Next month the Olympic torch will arrive in Japan for a four-month relay to launch the opening ceremonies for the Tokyo summer games. But rather than anticipating the sight of Olympic torchbearers, much of Japan is fixated on a different relay: hundreds of masked passengers grimly walking off the quarantined Diamond Princess cruise ship in Yokohama. The ship has been home to more than 630 COVID-19 infections, the largest cluster in the world outside of Wuhan. Departing passengers all test negative for the virus before release, but public health experts fear the virus is hitching rides with individuals who only show symptoms later.

Moreover, on Sunday, Japan's Health Minister acknowledged that the government is unable to track the route of infections in the country (which total 90). Meanwhile, the Japanese public, long supportive of Prime Minister Shinzo Abe, is losing faith in his ability to cope with the crisis. What might have been a manageable situation is now exposing gaps in Japan's ability to respond to a public emergency.

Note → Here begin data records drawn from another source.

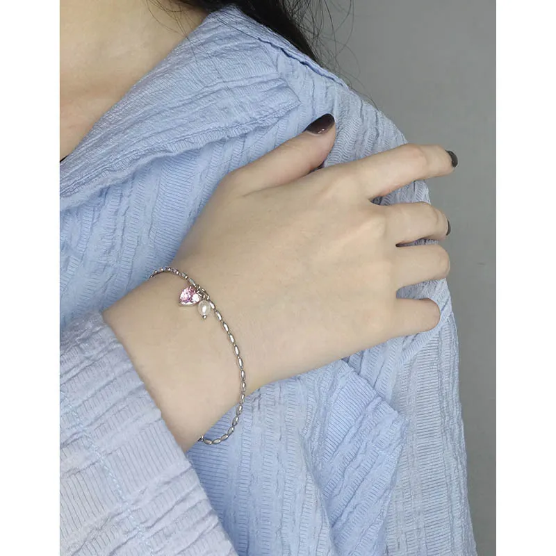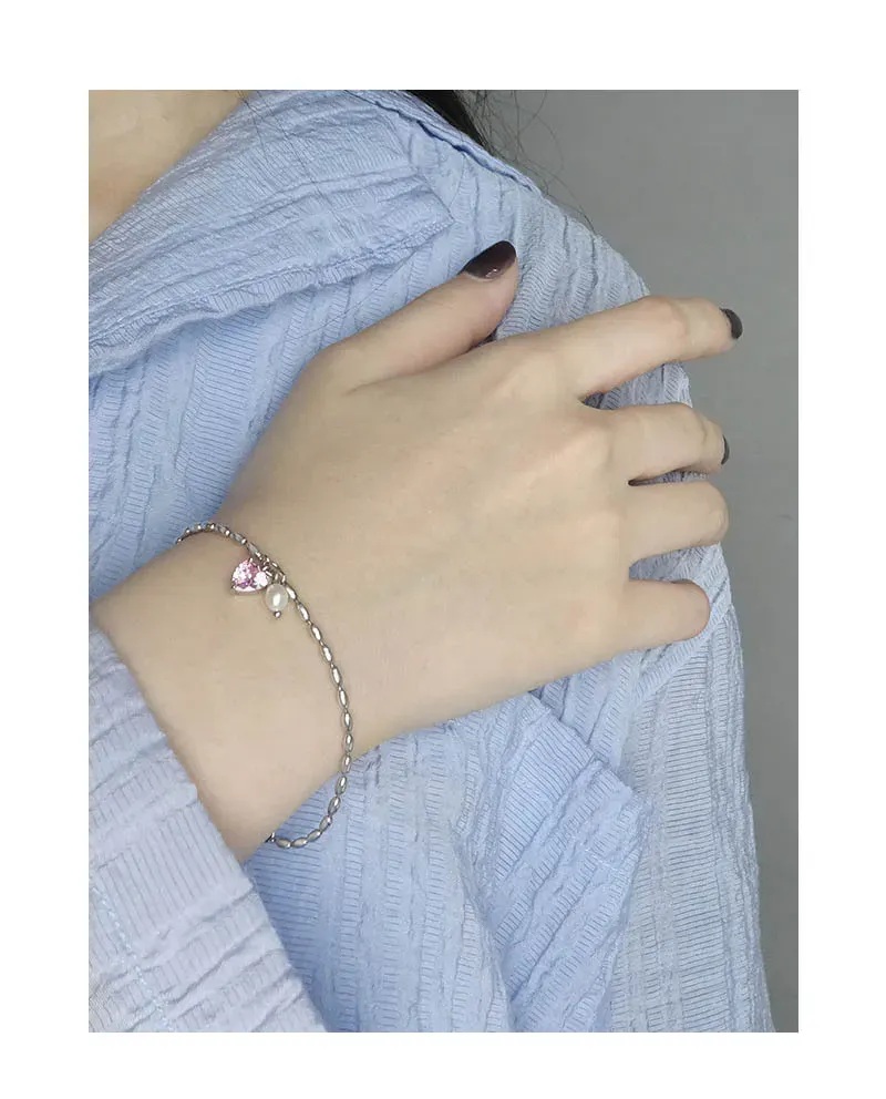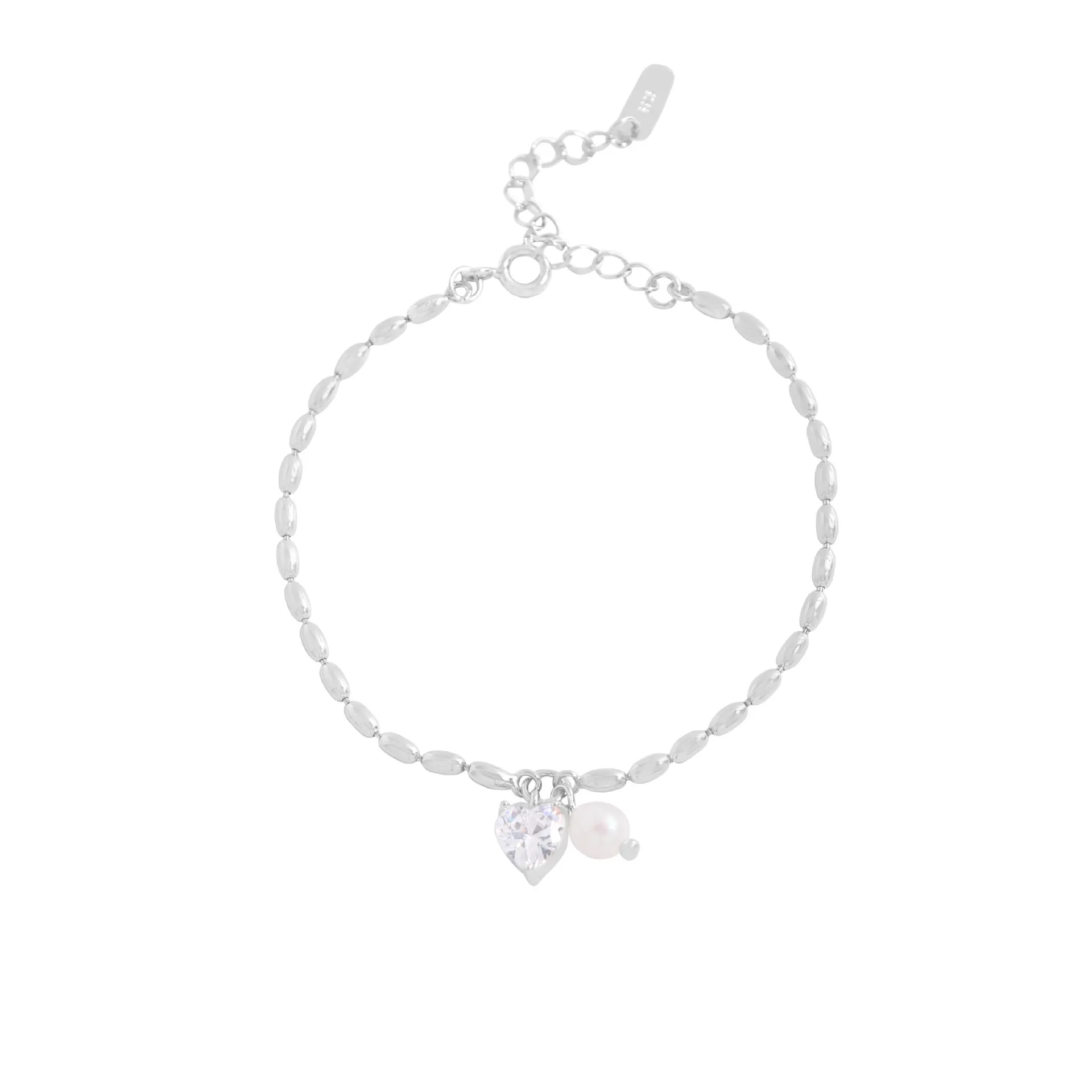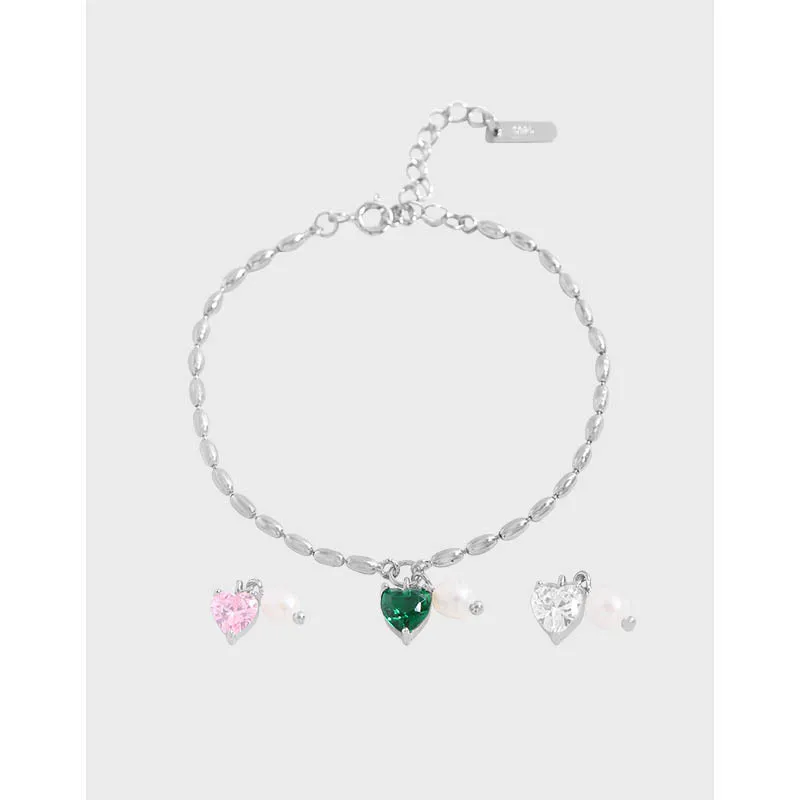 Enchanting Heart & Pearl Silver Bracelet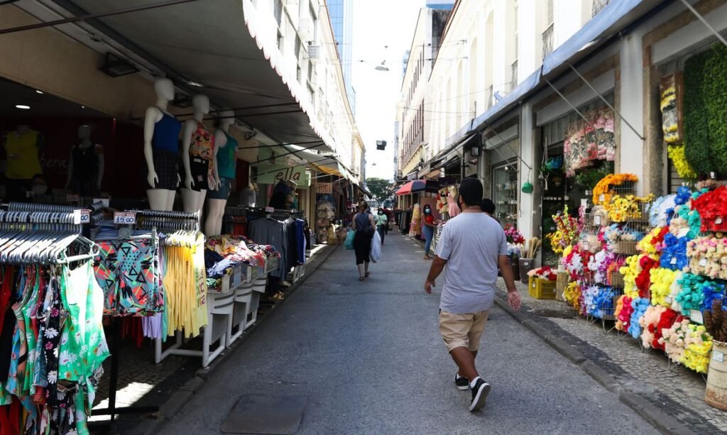Comércio na SAARA (Sociedade de Amigos das Adjacências da Rua da Alfândega), centro da cidade. Comércio não essencial está autorizado a reabrir a partir de hoje (9) na cidade do Rio de Janeiro depois de duas semanas fechados devido à pandemia de Covid-19.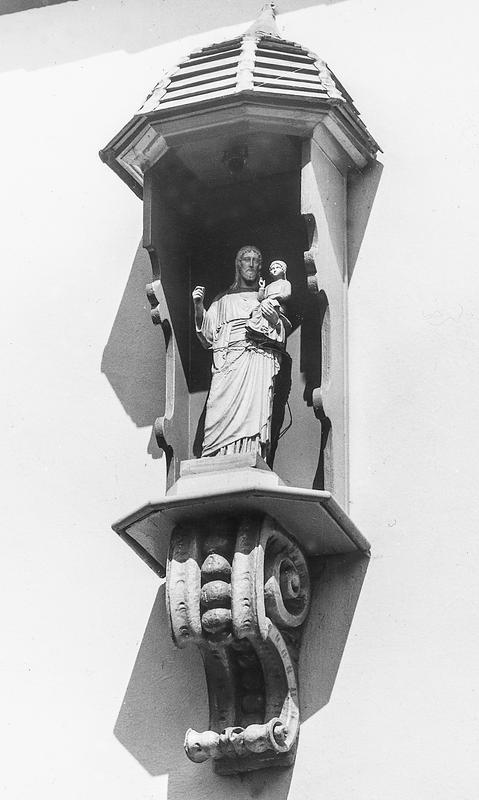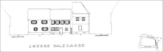 Traufständiges verputztes Fachwerkhaus des späten 17. Jhs. in städtebaulich markanter Eckposition an der Einmündung Kleine Salzgasse. Um 1850 Anbau eines Kuhstalls entlang der Kleinen Salzgasse; dieser nach 1874 zur Wohnnutzung ausgebaut und aufgestockt. 1914 Änderung der Gebäudeerschließung (Verlegung des Haupteingangs an die Kleine Salzgasse und Kellerzugang in den Innenhof), Ankauf und Anbringung einer bis heute erhalteten Madonnenfigur an der Südfassade (ursprünglich an der zur Straßenmündung orientierten Gebäudeecke angebracht, heute Kopie). Kernsanierung 1997.
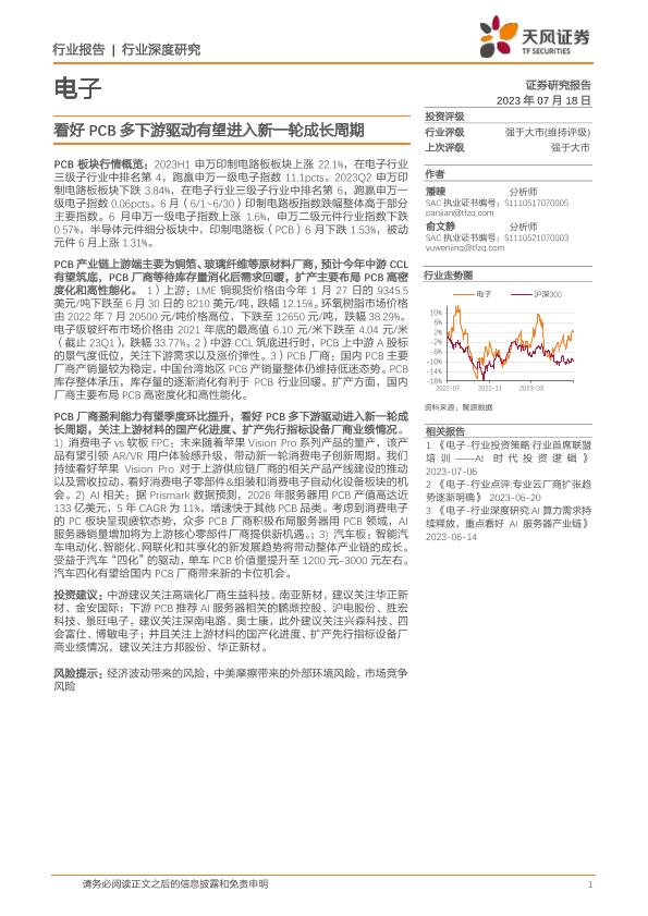 【天风证券】【20230718】20230718-天风证券-电子行业深度研究:看好PCB多下游驱动有望进入新一轮成长周期-18页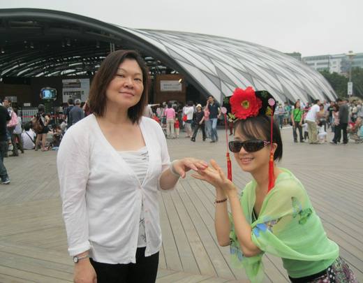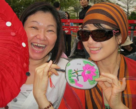 pic3 一點半排隊看優人神鼓,已經排到看4點半那個場次了...等待入場還得好幾個小時。我們席地而坐,嫌著也是嫌著......我開始一件件拿出我的法寶來把玩拍叫....除了格格帽,還有飄扇&丸扇...還有泡泡槍.....karen看我這咖夠怪...簡直樂不可支..

Japan was not supposed to be in this position. Past global pandemics — such as H1N1 and SARS — emerged from developing countries with poor health-care infrastructure and limited early detection ability for new pathogens. Affluent developed countries are believed to have more or less solved these problems, or at least can afford to manage them in the event of a crisis. Indeed, a 2019 survey ranked Japan 21st out of 195 countries for its ability to prevent, detect, and respond to epidemic and pandemic threats.